Print out the data that follows exactly, character for character, apart from the pictures.

*** Opening Working data ***

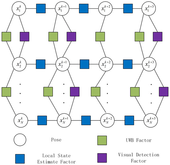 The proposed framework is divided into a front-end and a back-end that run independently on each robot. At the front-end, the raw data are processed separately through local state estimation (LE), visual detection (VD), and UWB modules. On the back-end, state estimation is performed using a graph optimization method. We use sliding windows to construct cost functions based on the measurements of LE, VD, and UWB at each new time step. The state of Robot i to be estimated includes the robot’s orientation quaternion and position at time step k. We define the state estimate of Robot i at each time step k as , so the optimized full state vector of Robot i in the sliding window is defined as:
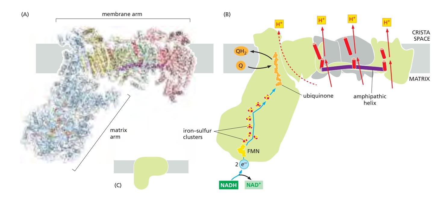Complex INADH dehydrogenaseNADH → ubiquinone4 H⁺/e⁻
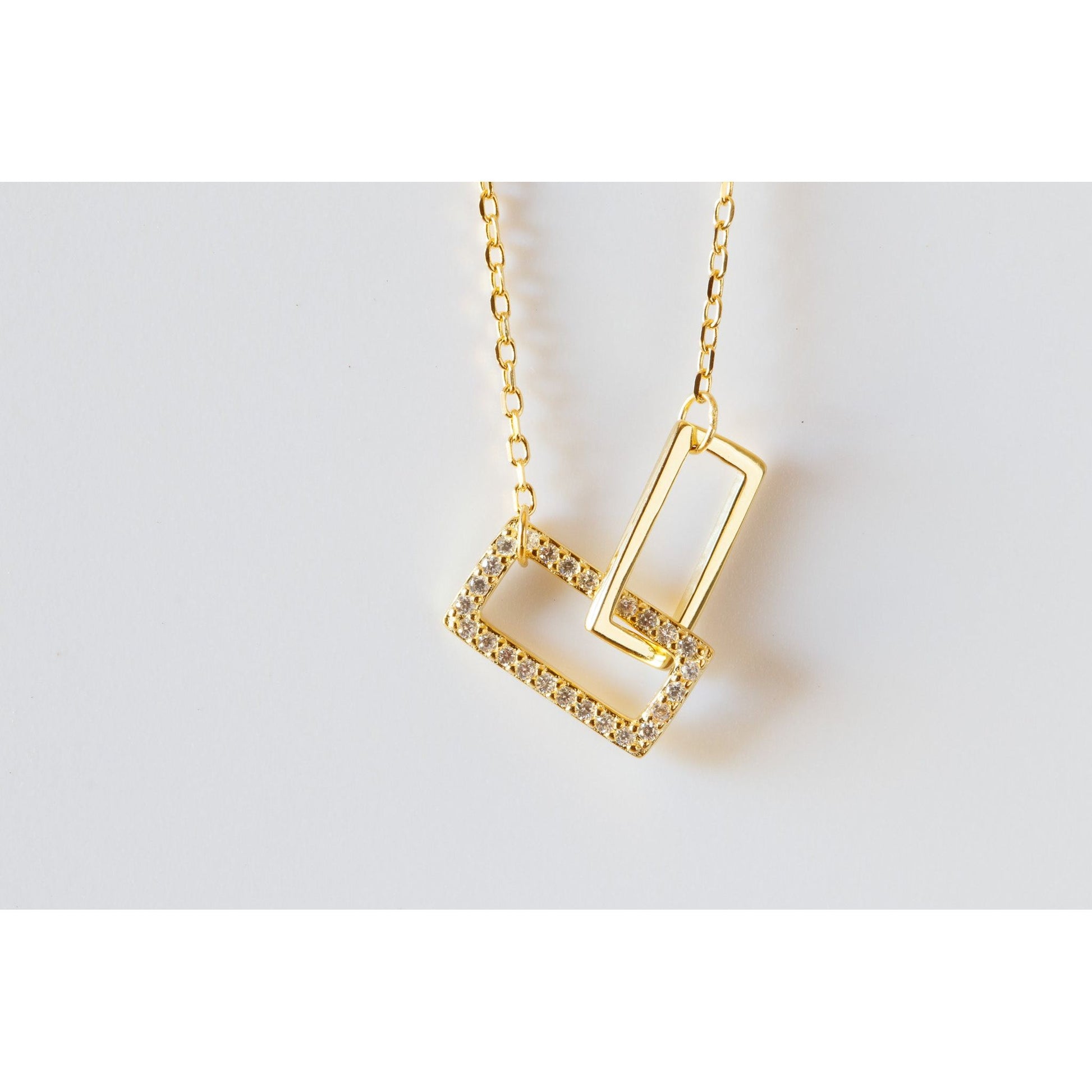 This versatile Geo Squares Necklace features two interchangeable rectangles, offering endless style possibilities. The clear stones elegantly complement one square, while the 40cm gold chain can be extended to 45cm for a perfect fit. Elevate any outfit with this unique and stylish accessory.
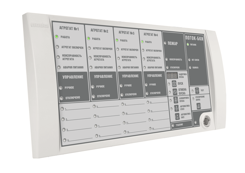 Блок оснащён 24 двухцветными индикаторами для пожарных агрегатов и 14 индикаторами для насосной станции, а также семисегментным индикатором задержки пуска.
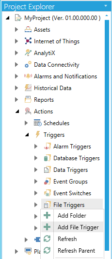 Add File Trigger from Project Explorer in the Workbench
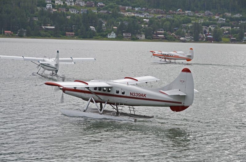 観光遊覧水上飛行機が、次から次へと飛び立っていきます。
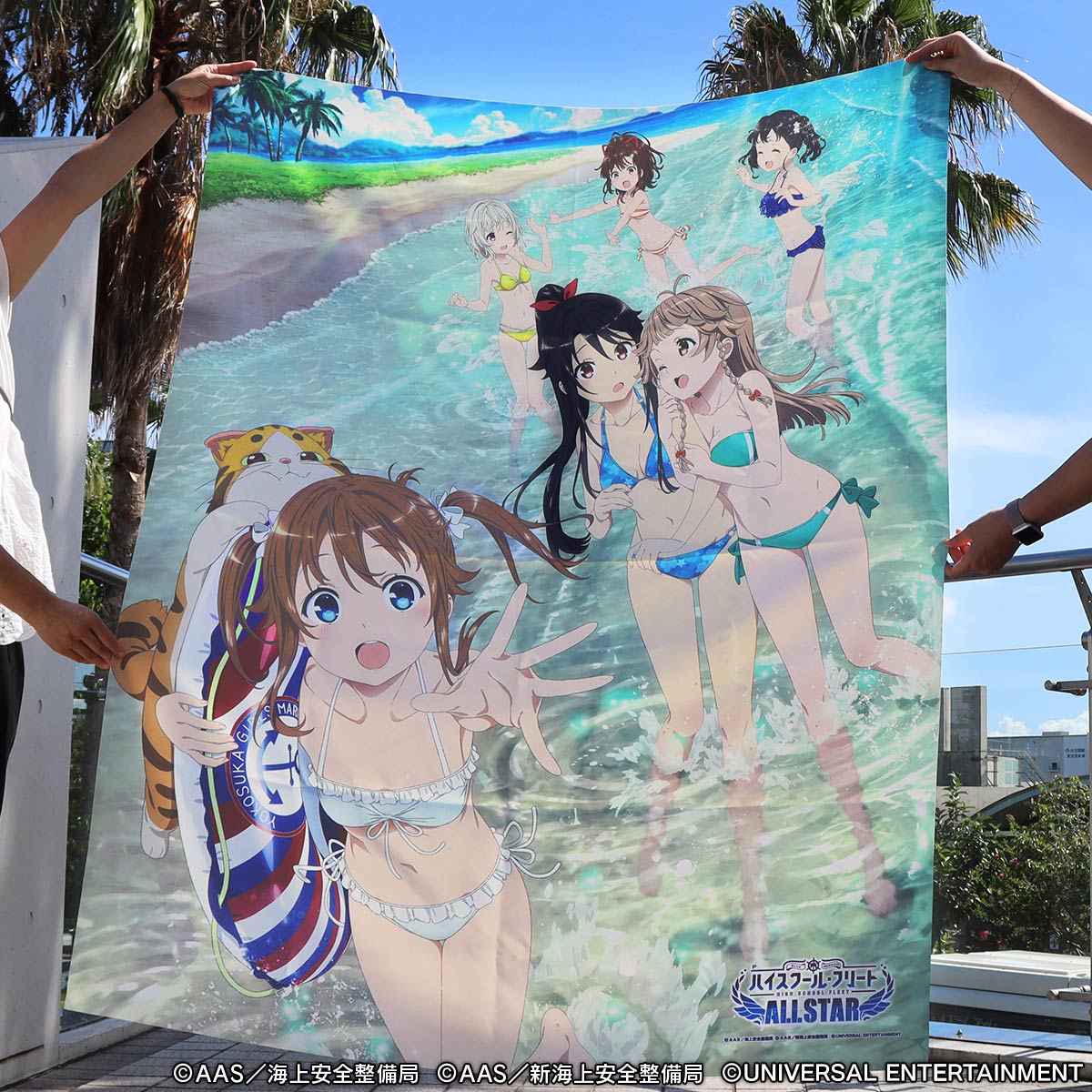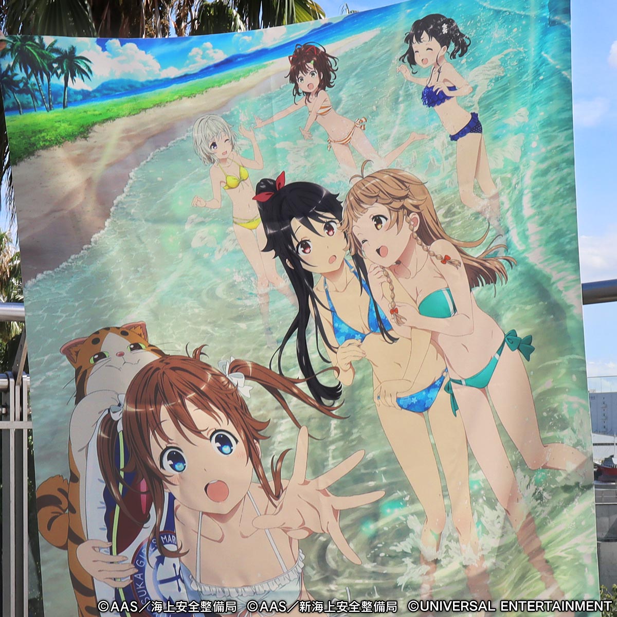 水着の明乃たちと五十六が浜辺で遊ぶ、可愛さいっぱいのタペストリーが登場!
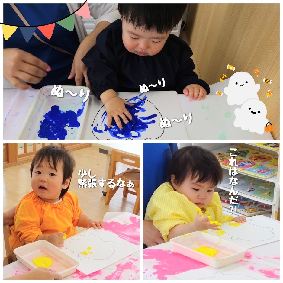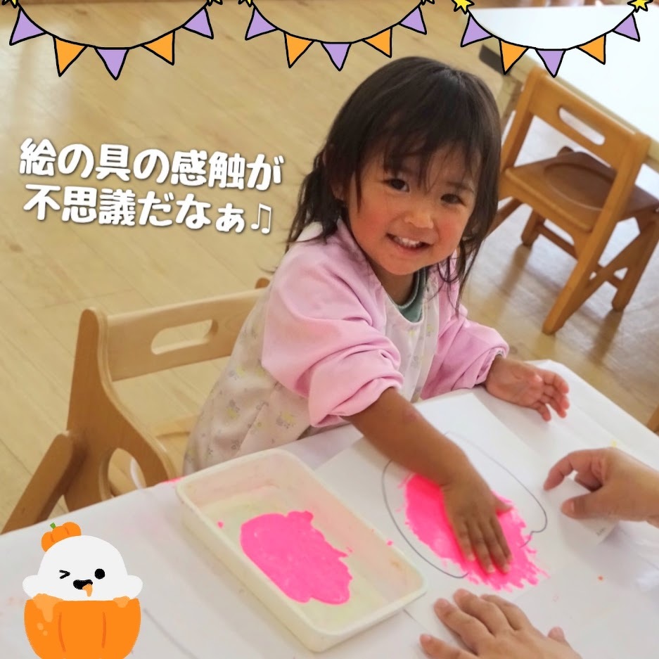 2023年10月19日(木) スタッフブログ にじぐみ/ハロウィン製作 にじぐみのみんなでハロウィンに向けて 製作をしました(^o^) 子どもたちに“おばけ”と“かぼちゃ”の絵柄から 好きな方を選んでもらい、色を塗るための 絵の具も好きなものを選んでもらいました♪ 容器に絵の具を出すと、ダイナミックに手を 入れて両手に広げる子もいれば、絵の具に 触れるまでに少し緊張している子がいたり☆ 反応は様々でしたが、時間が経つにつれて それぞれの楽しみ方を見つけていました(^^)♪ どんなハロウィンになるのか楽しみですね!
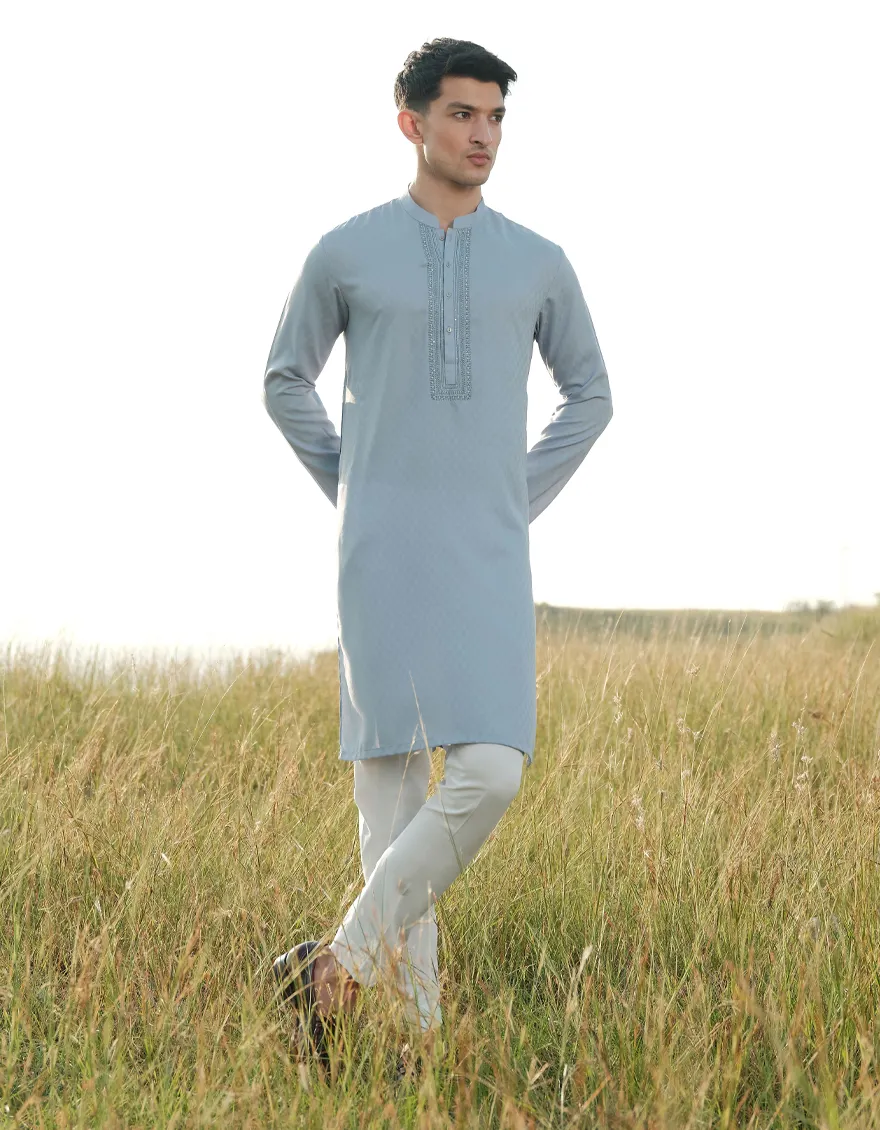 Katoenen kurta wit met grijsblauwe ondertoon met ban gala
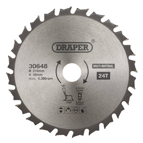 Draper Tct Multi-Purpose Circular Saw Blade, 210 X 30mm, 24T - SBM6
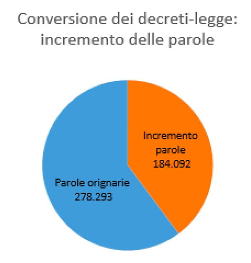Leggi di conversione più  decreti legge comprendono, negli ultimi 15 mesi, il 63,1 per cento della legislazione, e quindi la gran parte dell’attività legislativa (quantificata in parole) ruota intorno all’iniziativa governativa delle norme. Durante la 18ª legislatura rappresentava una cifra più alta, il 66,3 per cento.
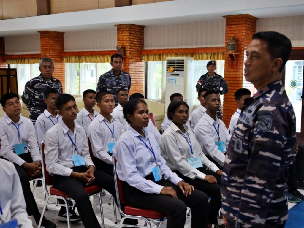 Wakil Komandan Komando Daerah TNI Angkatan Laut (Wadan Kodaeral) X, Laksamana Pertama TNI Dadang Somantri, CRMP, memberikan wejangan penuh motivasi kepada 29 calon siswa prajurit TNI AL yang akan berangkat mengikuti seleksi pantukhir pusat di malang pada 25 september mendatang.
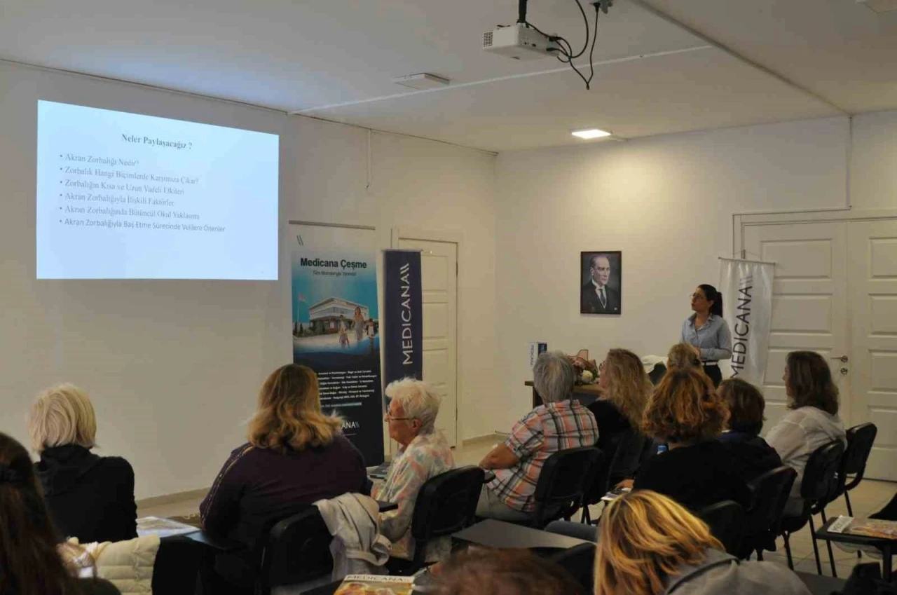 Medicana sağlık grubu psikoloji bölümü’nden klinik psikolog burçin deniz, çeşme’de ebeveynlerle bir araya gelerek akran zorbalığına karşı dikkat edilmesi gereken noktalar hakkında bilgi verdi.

*** Closing Working data ***

• Solved problem:
 The proposed framework is divided into a front-end and a back-end that run independently on each robot. At the front-end, the raw data are processed separately through local state estimation (LE), visual detection (VD), and UWB modules. On the back-end, state estimation is performed using a graph optimization method. We use sliding windows to construct cost functions based on the measurements of LE, VD, and UWB at each new time step. The state of Robot i to be estimated includes the robot’s orientation quaternion and position at time step k. We define the state estimate of Robot i at each time step k as , so the optimized full state vector of Robot i in the sliding window is defined as:
Complex INADH dehydrogenaseNADH → ubiquinone4 H⁺/e⁻
 This versatile Geo Squares Necklace features two interchangeable rectangles, offering endless style possibilities. The clear stones elegantly complement one square, while the 40cm gold chain can be extended to 45cm for a perfect fit. Elevate any outfit with this unique and stylish accessory.
 Блок оснащён 24 двухцветными индикаторами для пожарных агрегатов и 14 индикаторами для насосной станции, а также семисегментным индикатором задержки пуска.
 Add File Trigger from Project Explorer in the Workbench
 観光遊覧水上飛行機が、次から次へと飛び立っていきます。
 水着の明乃たちと五十六が浜辺で遊ぶ、可愛さいっぱいのタペストリーが登場!
 2023年10月19日(木) スタッフブログ にじぐみ/ハロウィン製作 にじぐみのみんなでハロウィンに向けて 製作をしました(^o^) 子どもたちに“おばけ”と“かぼちゃ”の絵柄から 好きな方を選んでもらい、色を塗るための 絵の具も好きなものを選んでもらいました♪ 容器に絵の具を出すと、ダイナミックに手を 入れて両手に広げる子もいれば、絵の具に 触れるまでに少し緊張している子がいたり☆ 反応は様々でしたが、時間が経つにつれて それぞれの楽しみ方を見つけていました(^^)♪ どんなハロウィンになるのか楽しみですね!
 Katoenen kurta wit met grijsblauwe ondertoon met ban gala
 Draper Tct Multi-Purpose Circular Saw Blade, 210 X 30mm, 24T - SBM6
Leggi di conversione più  decreti legge comprendono, negli ultimi 15 mesi, il 63,1 per cento della legislazione, e quindi la gran parte dell’attività legislativa (quantificata in parole) ruota intorno all’iniziativa governativa delle norme. Durante la 18ª legislatura rappresentava una cifra più alta, il 66,3 per cento.
 Wakil Komandan Komando Daerah TNI Angkatan Laut (Wadan Kodaeral) X, Laksamana Pertama TNI Dadang Somantri, CRMP, memberikan wejangan penuh motivasi kepada 29 calon siswa prajurit TNI AL yang akan berangkat mengikuti seleksi pantukhir pusat di malang pada 25 september mendatang.
 Medicana sağlık grubu psikoloji bölümü’nden klinik psikolog burçin deniz, çeşme’de ebeveynlerle bir araya gelerek akran zorbalığına karşı dikkat edilmesi gereken noktalar hakkında bilgi verdi.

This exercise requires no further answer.